The second section introduces basic notions from homotopy type theory.

open import foundation.dependent-function-types -- "dependent products"

open import foundation.dependent-pair-types -- "dependent sums"

open import foundation.identity-types using
  ( _＝_ -- "identity type, its elements are paths"
  ; refl -- "the canonical elements of the identity types"
  ; concat -- "transitivity of paths"
  ; inv -- "symmetry of paths"
  ; ind-Id -- "eliminator of the identity type"
  )

open import foundation.action-on-identifications-functions using
  ( ap -- "action of functions on paths"
  ; ap-comp -- "functoriality of `ap` with respect to function composition"
  ; ap-concat -- "functoriality of `ap` with respect to transitivity of paths"
  )

The preferred definition for propositions in the library, is-prop, are types whose identity types are contractible.

open import foundation-core.propositions using
  ( all-elements-equal -- "mere proposition"
  ; is-prop -- all identity types are contractible
  )

The preferred definition for sets in the library, is-set are types whose identity types are propositions in the preferred sense of the library. While the same relation holds for the definitions used in the article, we note that it does not extend one dimension lower to contractible types as our scheme does.

open import foundation-core.sets using
  ( has-uip -- "satisfies uip"
  ; is-set -- all identity types are propositions
  )

open import foundation.homotopies using
  ( _~_ -- "homotopy"
  ; nat-htpy -- "naturality of homotopies"
  )

The preferred notion of equivalence in the library coincides with the example given in the article: an equivalence is a function equipped with a left inverse and a right inverse.
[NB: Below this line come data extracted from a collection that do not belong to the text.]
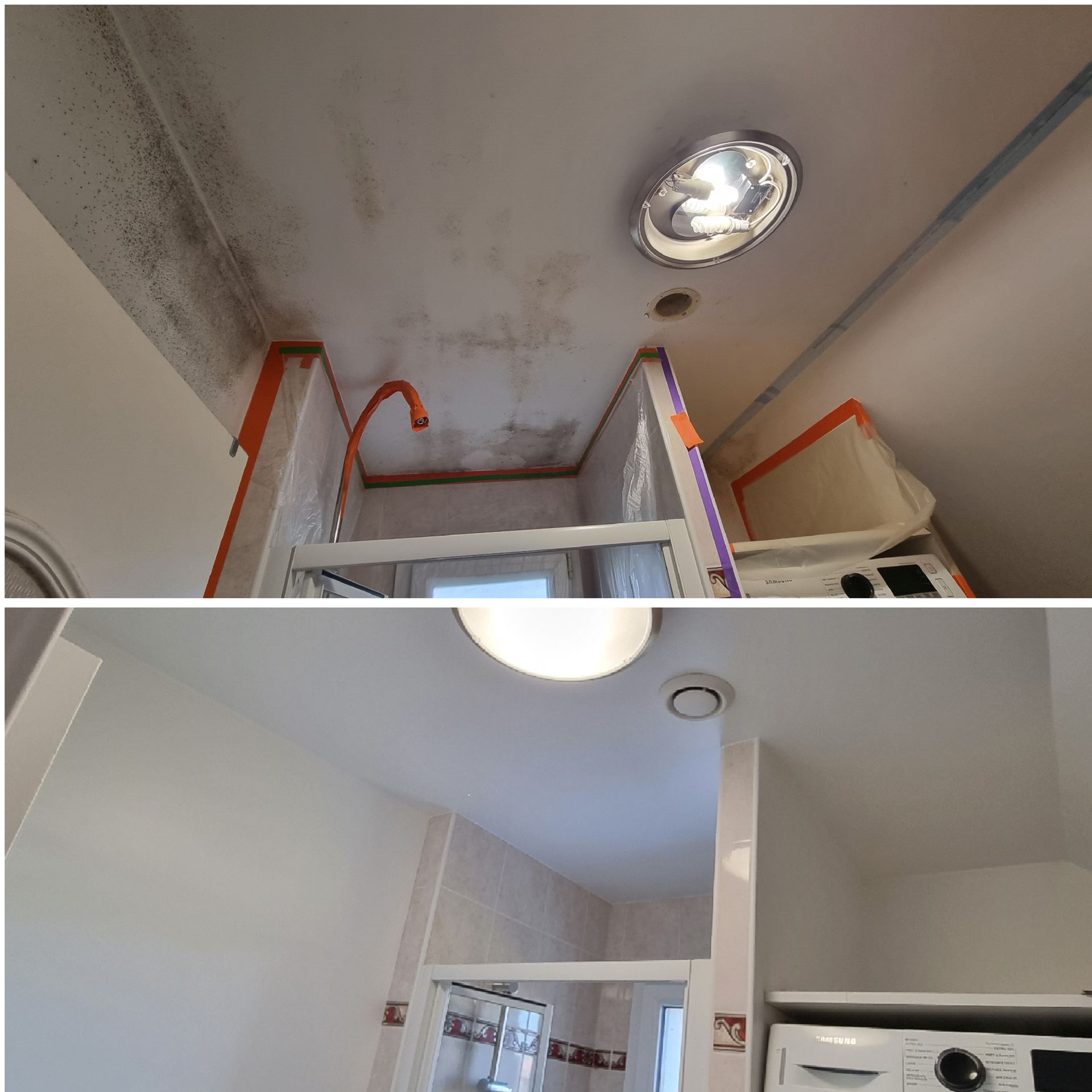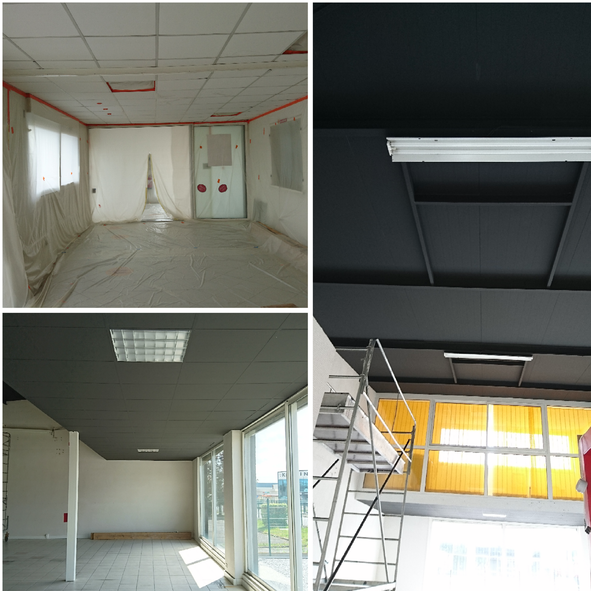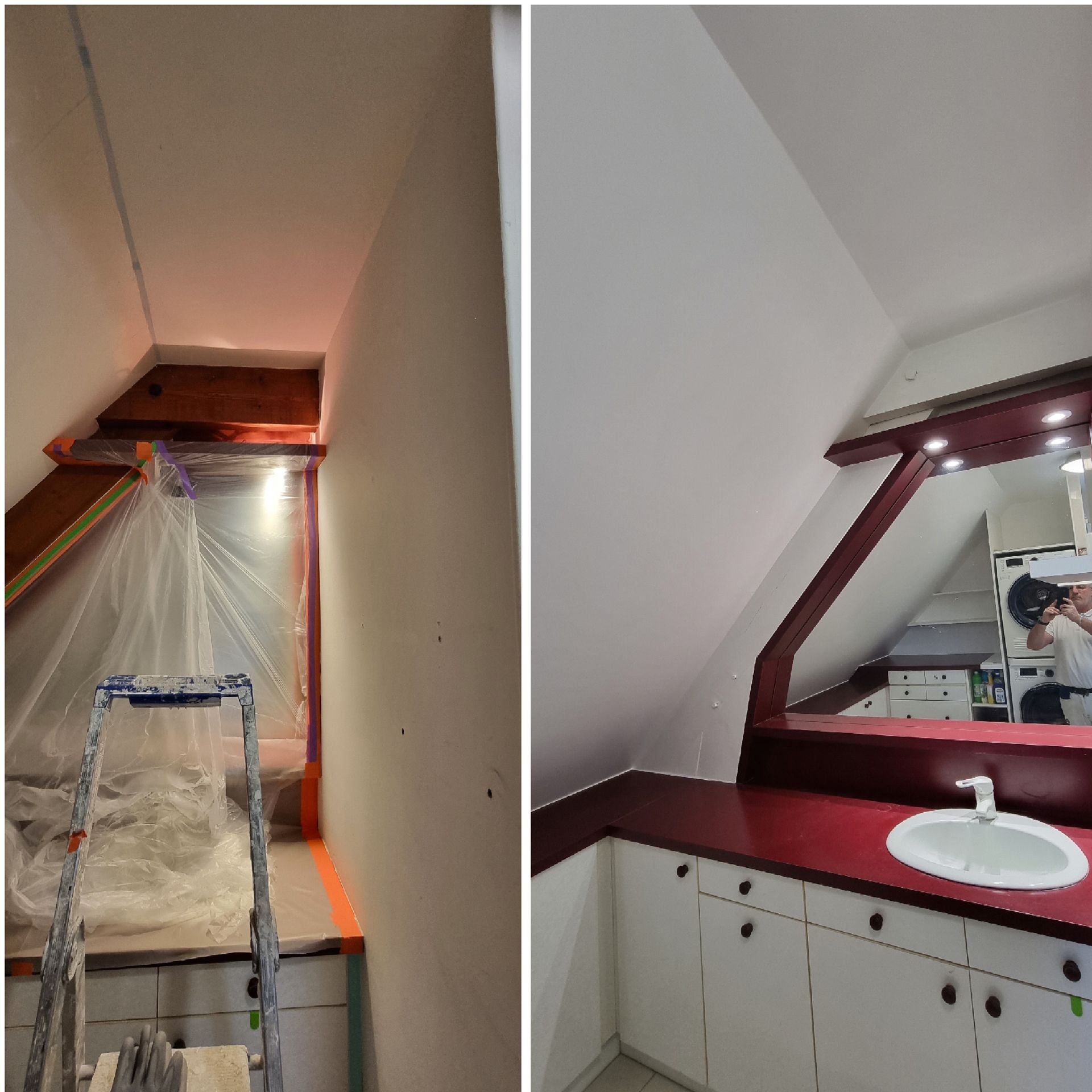 - Placo, joints, remise en état, peinture intérieure (murs et plafonds) ;
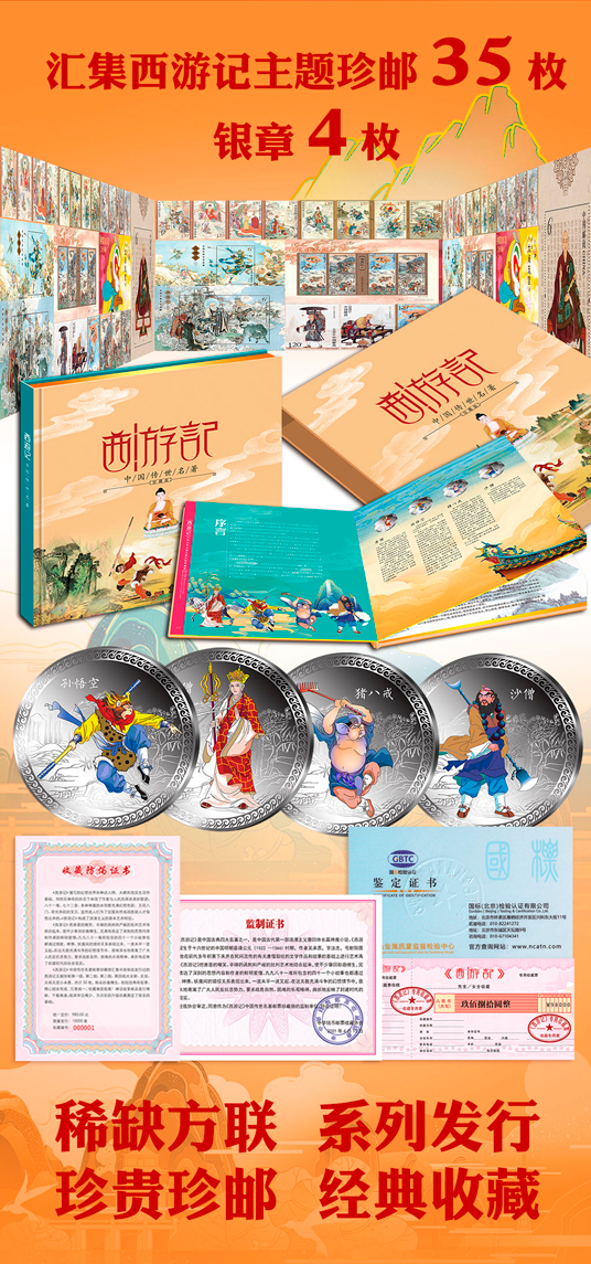 西游记中国传世名著系列 主题珍邮 35枚邮票4枚纪念币珍藏册邮册
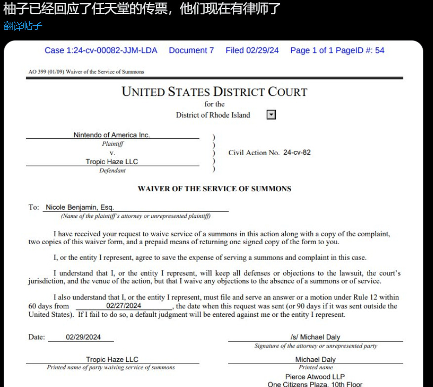 2月26日,任天堂美国分公司在周一起了个大早把一份40页的诉状交到了地方法院,被告方是“热带阴霾”(Tropic Haze)也就是Yuzu模拟器的开发团队公司名,任天堂起诉理由有很多。
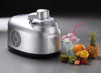 Gelatiera automatica con compressore. Capacità della vaschetta in alluminio per produrre fino a 800 grammi di gelato. Timer digitale 50 minuti
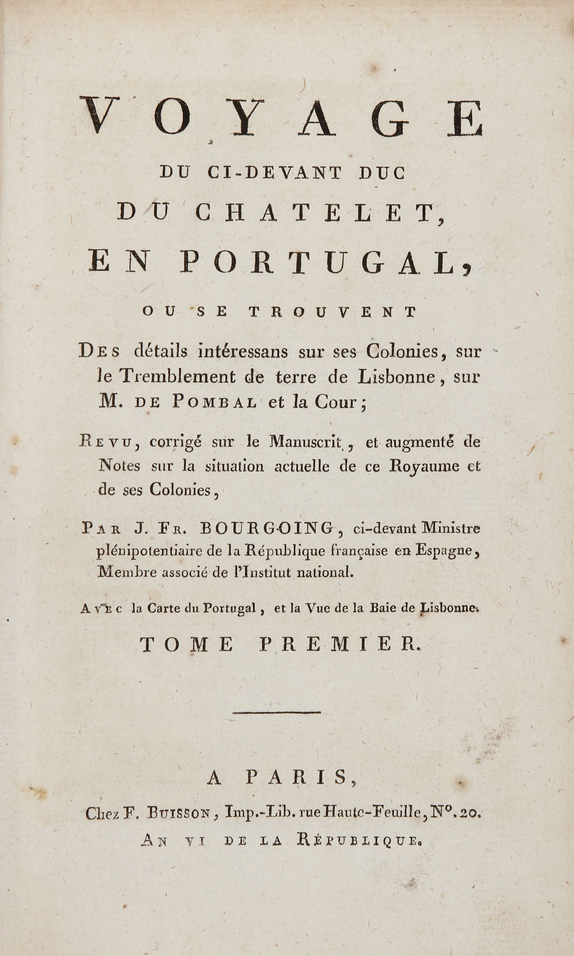 BOURGOING, Jean François. - VOYAGE DU DUC DU CHATELET, EN PORTUGAL, OU SE TROUVENT Des détails intéressans sur ce Royaume, ses Habitans, ses Colonies sur la Cour et M. de Pombal, sur le Tremblement de terre de Lisbonne, etc. Revu, corrigé sur le Manuscrit, et augmenté de Notes sur la situation actuelle de ce Royaume et de ses Colonies, Par J. Fr. BOURGOING, ci-devant Ministre plénipotentiaire de la République française en Espagne, Membre associé de l'Institut national, etc. Avec la Cart

open import foundation.equivalences using
  ( is-equiv -- "type of equivalence proofs"
  ; equiv -- "type of equivalences"
  ; is-property-is-equiv -- "the type of equivalence proofs is a mere proposition"
  )

open import foundation.function-extensionality using
  ( funext -- "the function extensionality axiom"
  )

open import foundation.univalence using
  ( equiv-eq -- "the canonical map `(A ＝ B) → (A ≃ B)`"
  ; univalence -- "the univalence axiom"
  )

open import foundation.propositional-truncations using
  ( ║_║₋₁ -- "propositional truncation"
  ; unit-trunc-Prop -- "the map `A → ║ A ║₋₁`"
  ; universal-property-trunc-Prop -- "the universal property of propositional truncation"
  )

open import foundation.mere-equivalences using
  ( mere-equiv -- "merely equivalent"
  )

open import foundation.univalence-implies-function-extensionality using
  ( funext-univalence -- "univalence implies function extensionality"
  )

-- MISSING: propositional truncations imply function extensionality

open import foundation.equality-cartesian-product-types using
  ( Eq-product -- observational equality on pairs
  ; equiv-pair-eq -- "characterization of the identity types of cartesian product type formation"
  )

3 Some pre-idempotents that split

In this section, definitions of "pre-idempotents", "split idempotents" and "quasi-idempotents" are given, and basic relations between them are established.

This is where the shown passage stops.